Date: 10/18/2002 at 16:41:26
From: Danielle
Subject: Rational and irrational numbers

One of my math problems is .063490634906... and I need to know how to
figure out if that is rational or irrational. How do I make a decimal 
like that into a fraction?

Date: 10/18/2002 at 20:14:14
From: Doctor Achilles
Subject: Re: Rational and irrational numbers

Hi Danielle,

Thanks for writing to Dr. Math.

It is actually possible to turn any repeating decimal into a 
fraction. Here's how:

First, a bit of background:

The easiest repeating decimal I can think of is just 0.111111...  
That is equal to 1/9. Two times that is equal to 0.22222... or 2/9.  
Three times that is 0.33333... or 3/9 (or 1/3). Etc. (Note that 
0.99999... equals 9/9 or 1, for more on that you can see the Dr. 
Math FAQ: .)

If you have ONE repeating digit, just put the repeating digit over 9 
to get a fraction. So 0.555555... is a repeating 5 and it equals 5/9.

The next easiest repeating decimal I can think of is 
0.01010101010101...  This turns out to be equal to 1/99. Two times 
that is 0.02020202... or 2/99. 0.030303030303... equals 3/99 or 1/33.  
Etc. 0.0909090909... equals 9/99 or 1/11. Things get interesting when 
you get to 0.101010101010... That is equal to 10/99. 0.1111111... 
equals 11/99, which reduces to 1/9.  0.2525252525... equals 25/99.
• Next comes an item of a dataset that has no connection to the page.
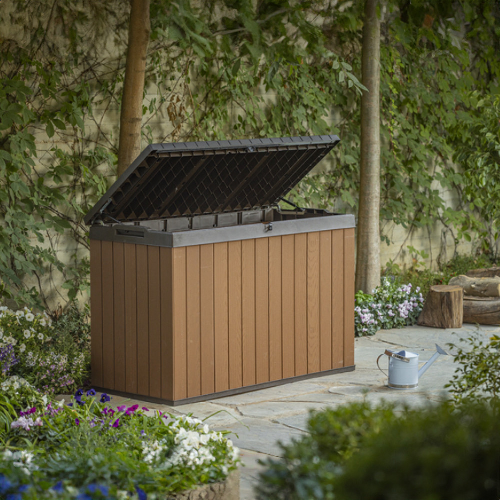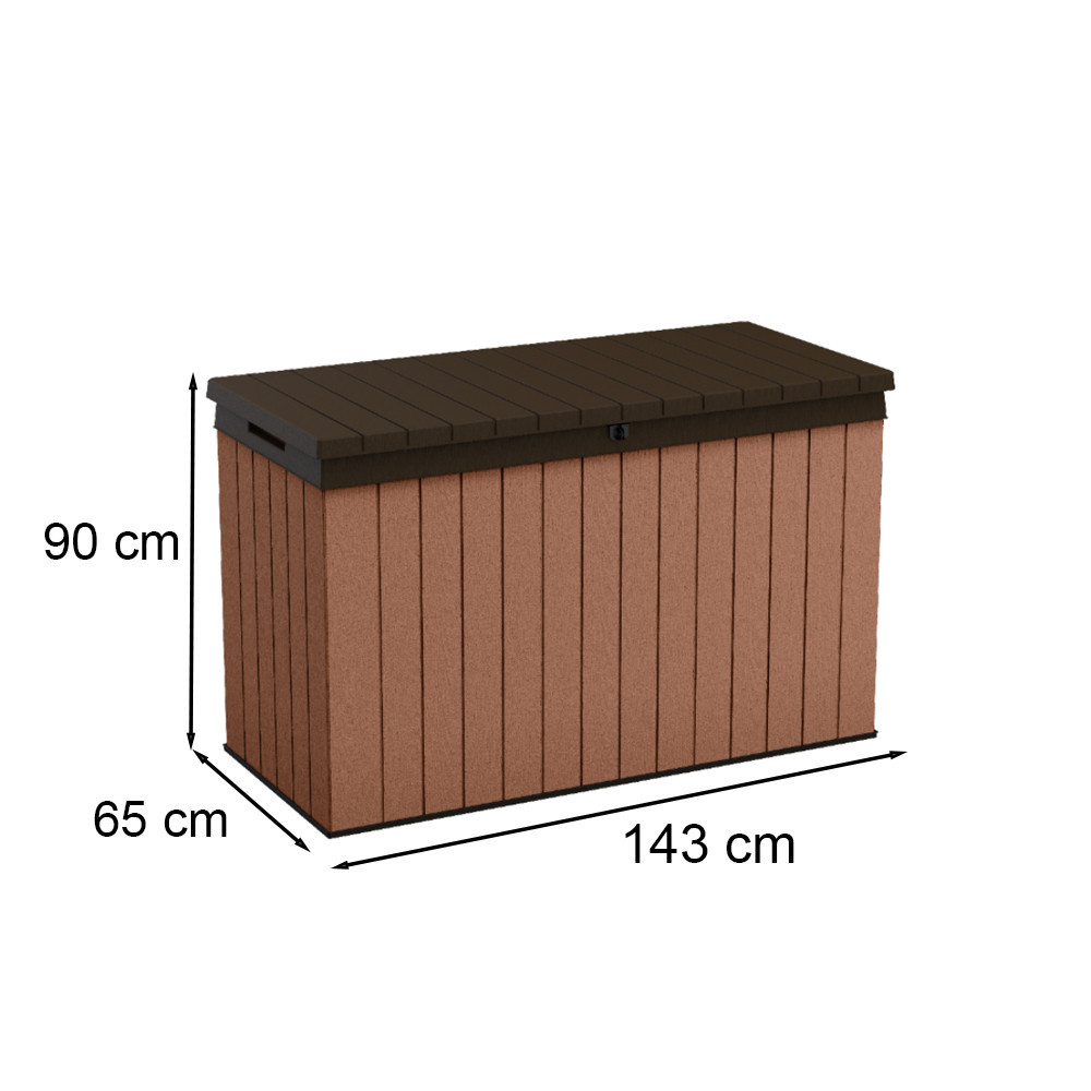 Lada de grădină Darwin de 662L, cu capacitate mare , este o soluție excelentă pentru ascunderea uneltelor de grădină, a pernelor și a echipamentului sportiv în grădină sau pe terasă. Dimensiunile cutiei de depozitare - 143 cm lățime , 65 cm adâncime și 90 cm înălțime - oferă suficient spațiu pentru proviziile de grădină.

If you have TWO repeating digits, such as 58 or 04, just put the 
repeating digits over 99 to get a fraction. So 0.0404040404... is a 
repeating 04 and it equals 04/99 or just 4/99.  And 
0.58585858585858... is just a repeating 58 and it equals 58/99.
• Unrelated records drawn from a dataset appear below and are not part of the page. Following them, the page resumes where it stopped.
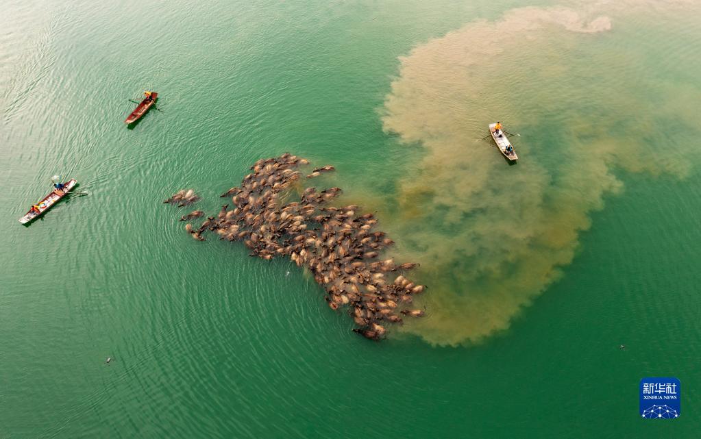 每年4-10月,在四川省南充市蓬安縣相如鎮油房溝村嘉陵江段,成群結隊的水牛在船只的護送引導下,清晨從岸邊結隊游上江心島啃食青草,黃昏又下水回游上岸歸欄,成為當地一道獨特的景觀(guān),吸引不少游客前來(lái)觀(guān)看。
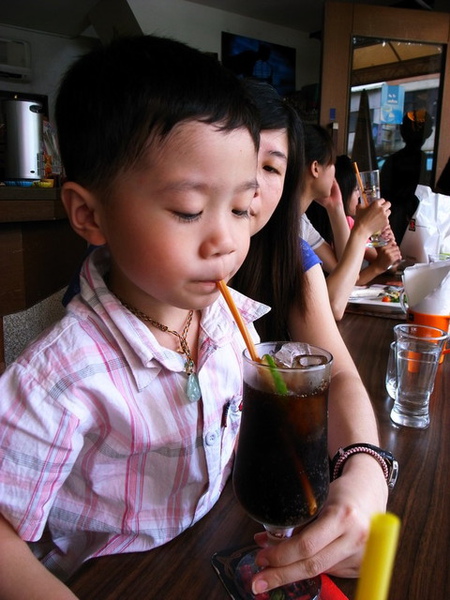 對了,2F有三個位置耶,剛好被三個阿豆仔坐去了,但下來拿飲料時,他們直喊it's so hot!!!
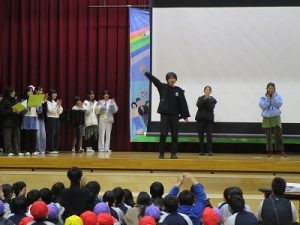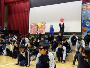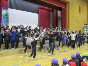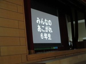 その後,体育館に集まって5年生の実行委員会により劇とクイズや,思い出のスライドを見ました。1~5年生がそろって感謝の呼びかけをしました。6年生からは,お礼の出し物がありました。さすが6年生と思わせてくれる出し物でした。

If you have THREE repeating digits, just put them over 999 to get a 
fraction. So 0.102102102102... equals 102/999, and 0.038038038038 
equals 038/999 or 38/999.

For FOUR repeating digits, just put 9999 in the denominator.

In your problem, you have 06349 repeating. That's 5 digits. Can 
you figure out what to do with them to make a fraction?
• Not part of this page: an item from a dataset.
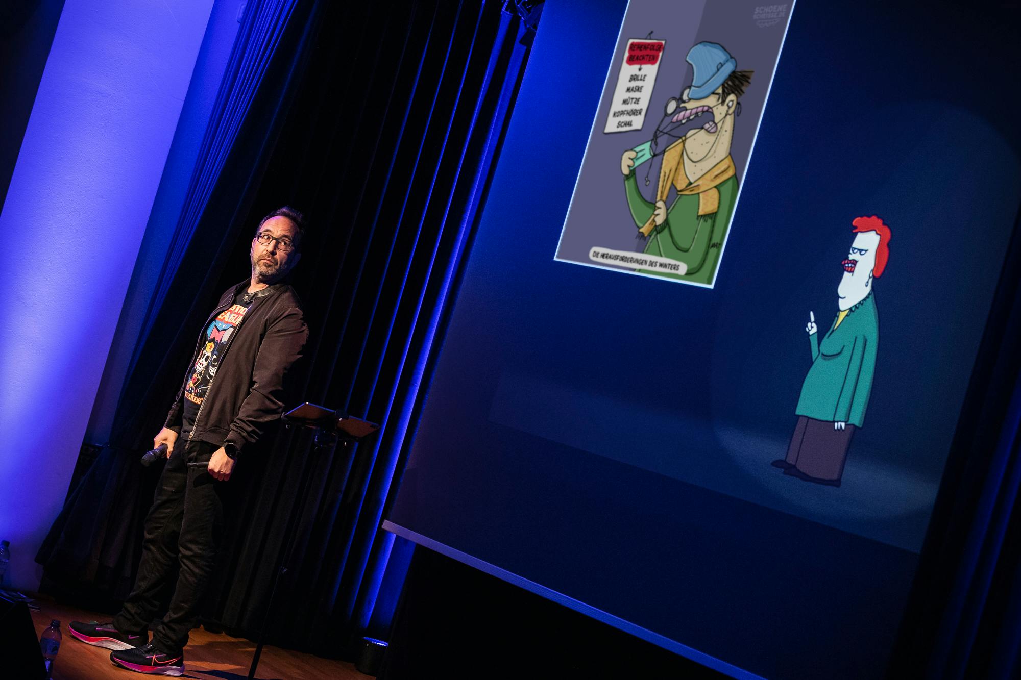 Und so fing es an: Als ich 2014 in Kassel mit einer kleinen Cartoon-Show im Rahmen einer Ausstellung startete, hätte ich nicht gedacht, dass es eines Tages mein Hauptjob wird, mit einer abendfüllenden Show (aktuell: "Halt die Fresse, Rapunzel!") durch Deutschland zu touren. Ich war mit Teilen davon schon in Österreich, der Schweiz und sogar auf dem Roten Meer!

If you're interested, there are a couple of other more difficult 
problems you can run into (note: the rest of this does NOT have to do 
with your problem). What happens, for example, if the decimal starts 
out NOT repeating, but then at some point starts repeating? An example 
of this is:


[Where the 56 keeps repeating forever once it starts.]

Can you figure out how to deal with a problem like this?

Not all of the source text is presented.